Issue with model weights and input data type

Hello, thank you for publishing these codes. I have an issue which is related to my problem where I have trained a Keras model in TensorFlow 2.7 using float32 precision in order to have fast performance. Now I would like to continue the training using scipy L-BFGS-B optimizer using your codes.

In my code I first load the trained model (using ADAM optimizer) then I define a customized loss function, and then I compile the model with the customized loss function. When I run the model I got the following error

ValueError: failed to initialize intent(inout) array -- expected elsize=8 but got 4

The last error message is shown just after running one iteration of the scipy optimizer. I think it is related to the fact that my model weights are in float32 precision while my loss is in float64 precision.

Could you tell me how shall I solve this issue.

Info on alternate implementation of keras/scipy.optimize interface

Hi @pedro-r-marques,

Thanks very much for contributing this repo and sharing under MIT!

I had a use case in which I wanted to use a scipy solver, and found this as part of my search. Unfortunately I wasn't able to use keras-opt, but I wanted to share my implementation of same interface, since I believe it has several improvements that increase the robustness and the problem size that may be solved.

`keras-opt` Issues Encountered

Model exceeded Memory Requirements

When training a (Rendle-type) factorization machine model on a dataset with 500k examples I ran into problems with both the keras-opt implementation and Pi-Yeuh Chuang's example; my python process exceeded the available memory on my laptop and was killed, even after adjusting the batch_size
I believe the root cause here is likely the way in which the gradients are computed w/r/t to batching of the training set:
- In keras-opt the tf.GradientTape() is registered outside of the loop over mini-batches of training data, cf (scipy_optimizer.py#L64)[https://github.com/pedro-r-marques/keras-opt/blob/master/keras_opt/scipy_optimizer.py#L64]
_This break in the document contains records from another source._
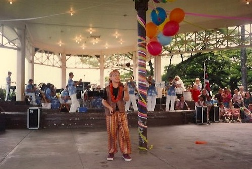 By 1993 our programs were really rolling, and I was actively seeking more exciting gigs for our kids, when I saw a request for proposals for First Night in Honolulu. On a whim I called the director, she turned out to be an English woman and I talked her ear off telling her about our amazing kids. Young people learning circus arts is fairly common today but back then it was extremely unusual and our program was the only one in the State of Hawaii.
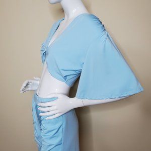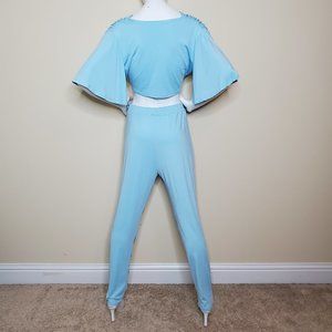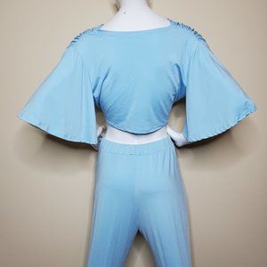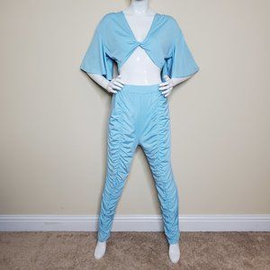 Pastel Baby Blue Two Piece Trendy V Neck Bat Wing Top w/ Skinny Fit Pant SZ L
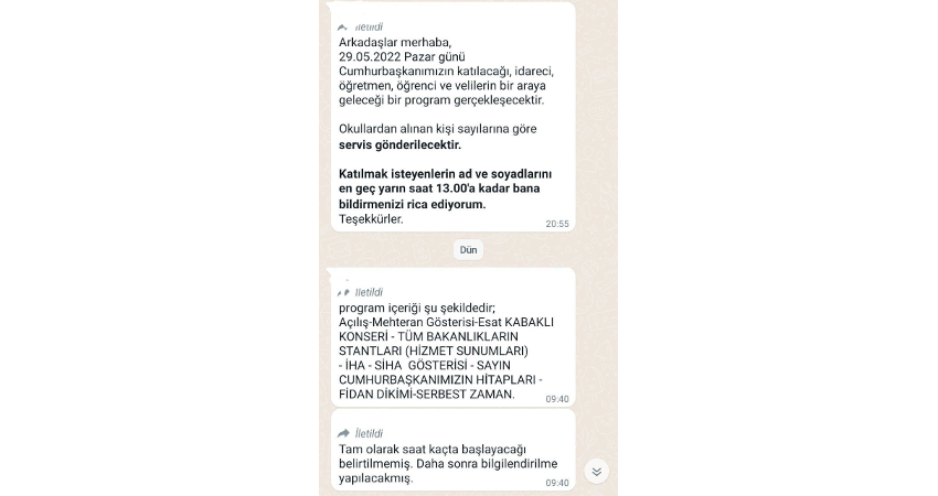 Öğrenci ve velilere Erdoğan'ın mitingine katılma zorunluluğu
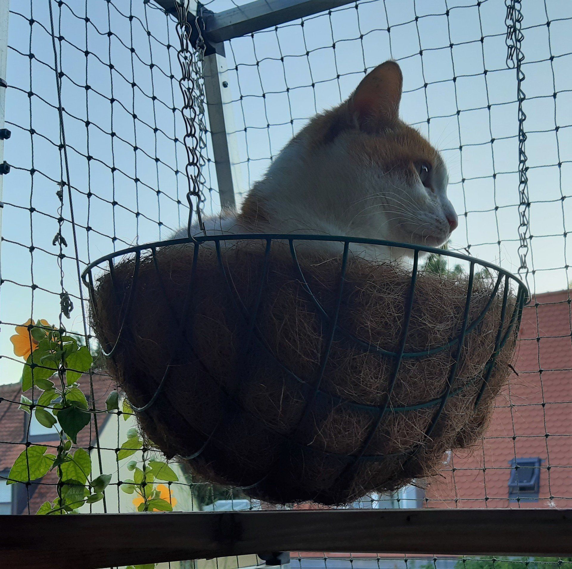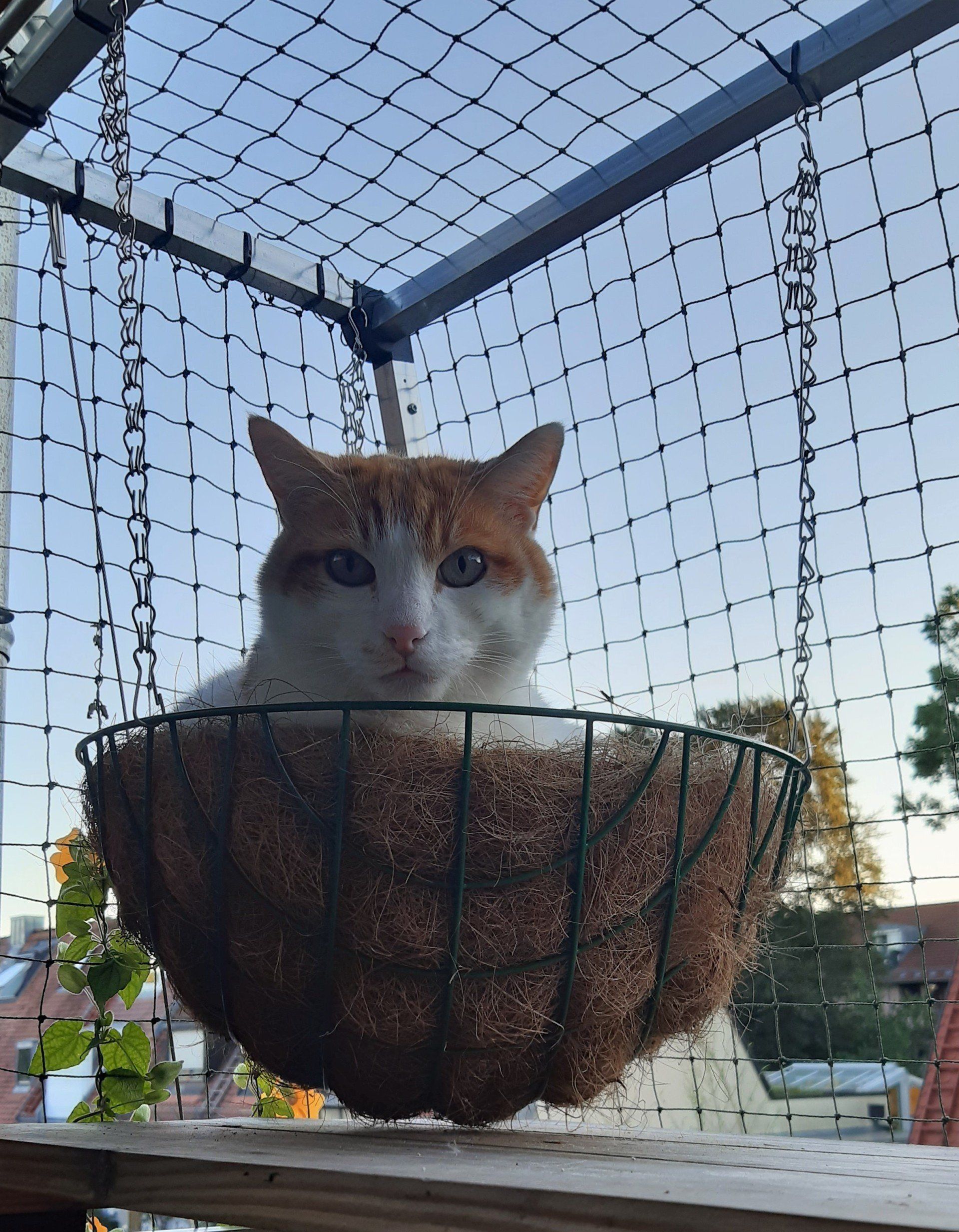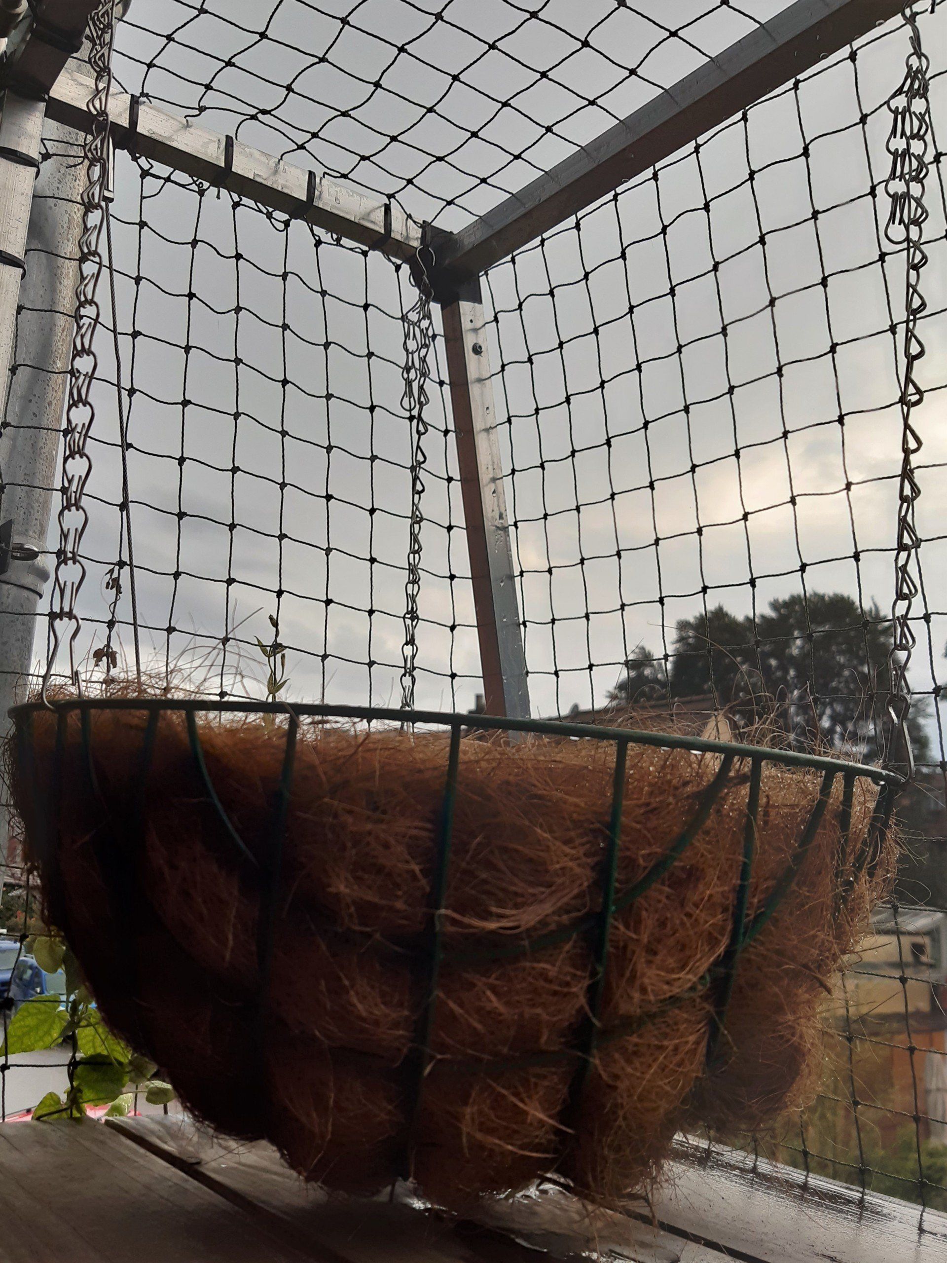 Als Aufhängung sind an den drei Kettchen Haken angebracht, die man mit Hilfe schmaler Kabelbinder am Gestänge des Katzenbalkons befestigen kann. Die Kettchen kann man in der Länge anpassen, indem man die Haken einfach in die passende Kettenöse setzt.
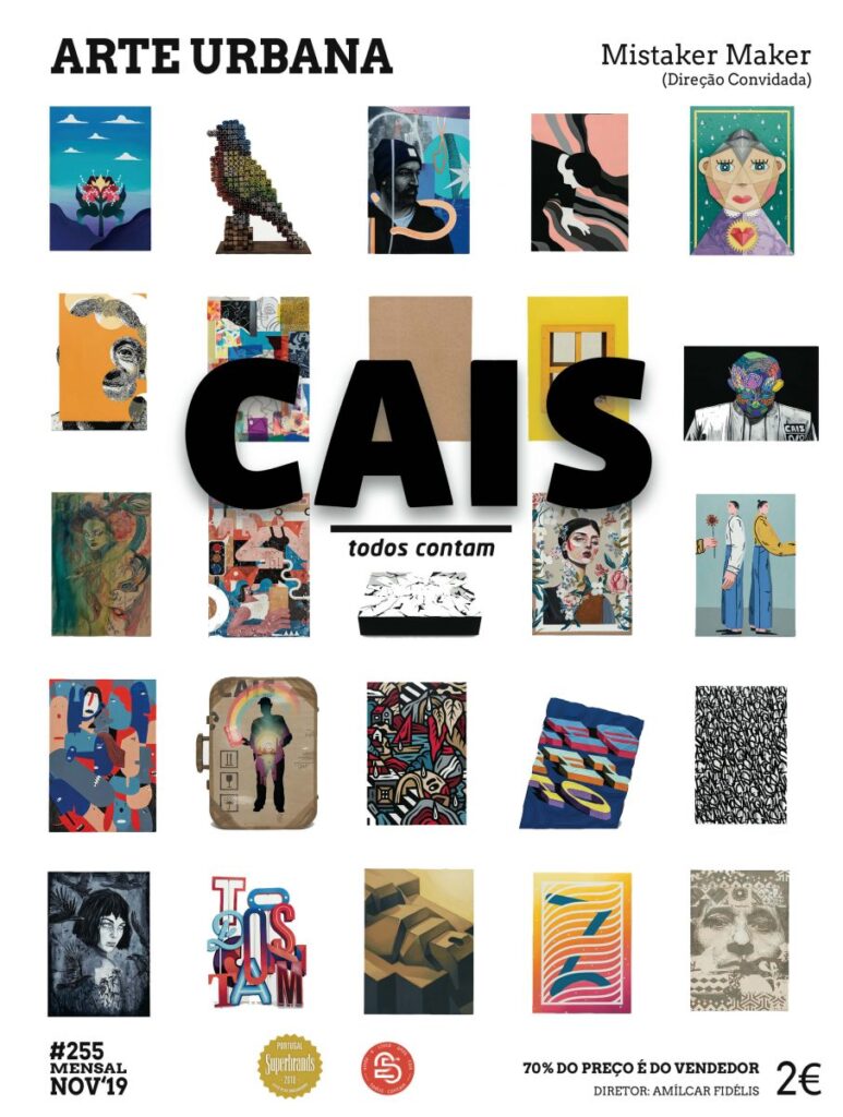 A Mistaker Maker, plataforma de intervenção artística responsável pela nossa exposição CAIS Urbana, é a direção convidada desta edição. As 25 peças de arte criadas especialmente para o nosso 25º aniversário vão ser leiloadas e também são destaque. Saiba mais sobre o leilão aqui.
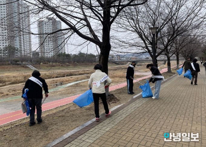 이번 활동에는 주민자치회 위원과 자원봉사자 등 20여 명이 참여해 관내 주요 도로와 골목길, 공원 및 하천 주변을 중심으로 겨우내 쌓인 쓰레기와 불법투기 폐기물을 집중 수거했다.
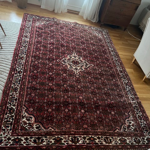 Håndknyttet Kashmir silkteppe selges. Takstrapport på 22.000nok i 2022. Har vært i vårt eie siden 2023. Det finnes et par steder der teppet er litt slitt, se bildene.
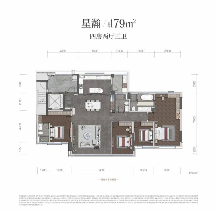 新规之下,金牛西派御府的户型又有了进化。以其主力爆款建面约179㎡户型为例。

This works fine when the dataset is small and the model doesn't have large memory requirements, but I think it limits the size of the problem that may be solved based on the available memory of the machine and architecture of the model. Changing the order of the loops to compute the gradient tapes on mini-batches removed this limitation for me, since a model with heavier memory requirements could have the dataset batched more finely, with each mini-batch gradient calculated with a separate tape

`tf.reduce_mean` and Regularization Terms in Mini-Batches

I believe the tf.reduce_mean step in the gradient calculation has a (small) bug when the compiled_loss has a reduction=tf.keras.losses.Reduction.SUM_OVER_BATCH_SIZE (or tf.keras.losses.Reduction.AUTO). If the training dataset is distributed into batches of unequal size, the unweighted mean of the means [for each mini-batch] doesn't equal the mean of the sums [for each mini-batch] (e.g. if the last batch is the remainder and has fewer elements).
Similarly, the regularization term has been added to the loss function too many times (by a factor of the # of batches). Adjusting the regularization term by a constant coefficient doesn't often matter in practice, but it's a little bit quirky that the mathematical formulation of the loss function wouldn't match the one optimized in practice

Extending `make_train_function` losses per-iteration validation metrics

Currently the scipy.optimize.minimize routine will be entered into in the first epoch (and the user needs to be aware that epochs=1 is the only valid value for epochs) and the validation trace values (e.g. validation loss, validation metrics) will only be evaluated at the conclusion of the optimization routine.
This isn't really a show-stopper of course, but it is helpful to have the validation traces for analysis and debugging when experimenting with different model architectures

Alternate Implementation

Changes to the interface to remove the above issues were relatively straightforward, but a little long.
The biggest difference was that rather than override make_train_function I created a class that overrode fit, which is a large discretionary change (which has some drawbacks of its own of course).
I decided to make these available in a separate package linked above rather than a PR here since the code changes were pretty substantive at the end of the day.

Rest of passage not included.